Para as pessoas com alergia estes últimos dias tem sido complicados.


----------



## Mário Barros (29 Mar 2012 às 10:48)

*Nuvem de poeira do deserto atinge Portugal até segunda-feira*


> O fenómeno, frequente na Primavera e Verão, pode afectar as pessoas mais sensíveis como idosos, crianças e com problemas cardio-respiratórios. Amanhã espera-se uma nova vaga de "chuva suja".
> 
> Se nos últimos dias sente a garganta seca e os olhos a lacrimejar, a culpa pode ser das poeiras vindas do Norte de África que pairam sobre o nosso território. Não é a primeira vez nem será a última que Portugal recebe este pó do deserto soprado pelos ventos. Porém, desta vez, o fenómeno estende-se além dos normais dois ou três dias para um período de mais de uma semana.
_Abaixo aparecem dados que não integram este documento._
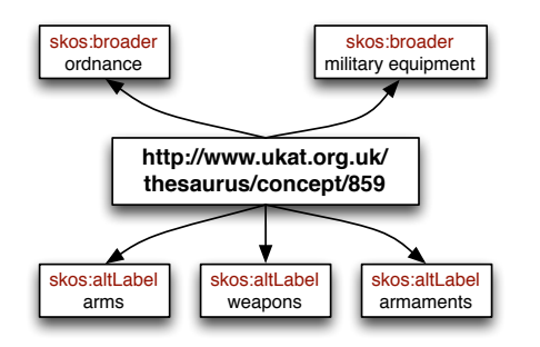
Figure 5: SKOS URI-based (Query) Expansion example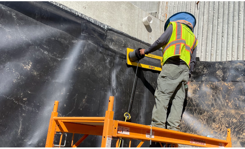
Work continues on the retaining wall support system on Jurupa Road at Van Buren Boulevard.

STAY CONNECTED Construction Hotline 800.679.9570 www.JurupaGradeSeparation.com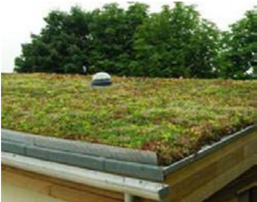
An example of a sedum roof

The building will have a Sedum 'green' roof to slow down rainwater run off and increase the biodiversity of the site. An air source heat pump will be used to boost heating in the winter and cooling in the summer.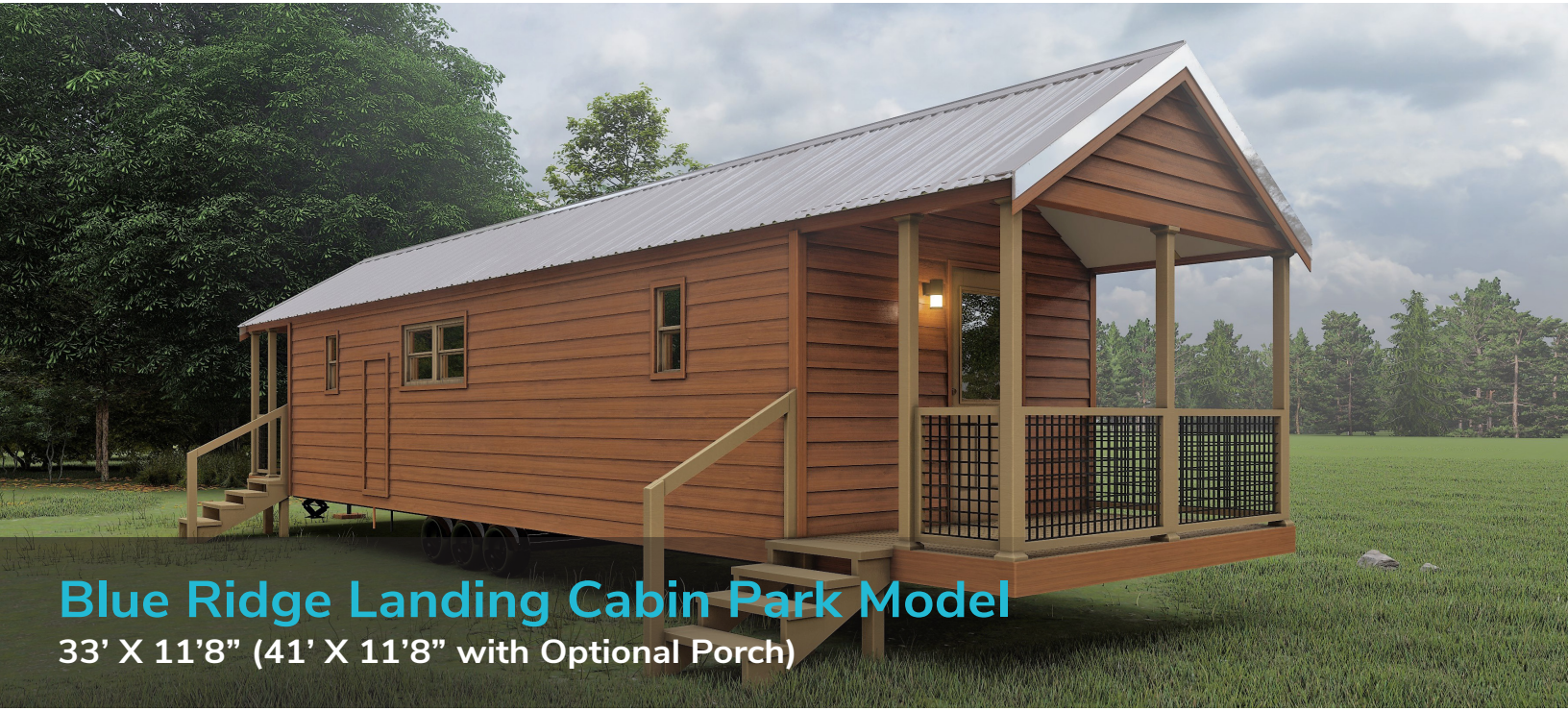
Blue Ridge Landing Cabin Park Model 33' X 11'8" (41' X 11'8" with Optional Porch)

Por outro lado, as medições dos especialistas estão também a registar níveis elevados destas partículas à superfície - mais perto de nós -, o que, apesar de não ser inédito, é considerado invulgar. Sem razão para alarme, os idosos, crianças e pessoas com problemas respiratórios devem, porém, proteger-se, avisam as autoridades de saúde.
> 
> ...


----------



## Mário Barros (5 Abr 2012 às 12:34)

*Concentrações muito elevadas de pólenes até 12 de Abril*


> As concentrações de pólen no ar vão estar muito elevadas nos próximos sete dias em Portugal continental, predominando os pólenes de azinheira, carvalho, pinheiro e ervas parietárias, segundo o Boletim Polínico hoje divulgado.
> 
> Nos Açores e na Madeira, os técnicos prevêem concentrações de pólen baixas durante o mesmo período, entre 6 e 12 de Abril.
> 
> ...


----------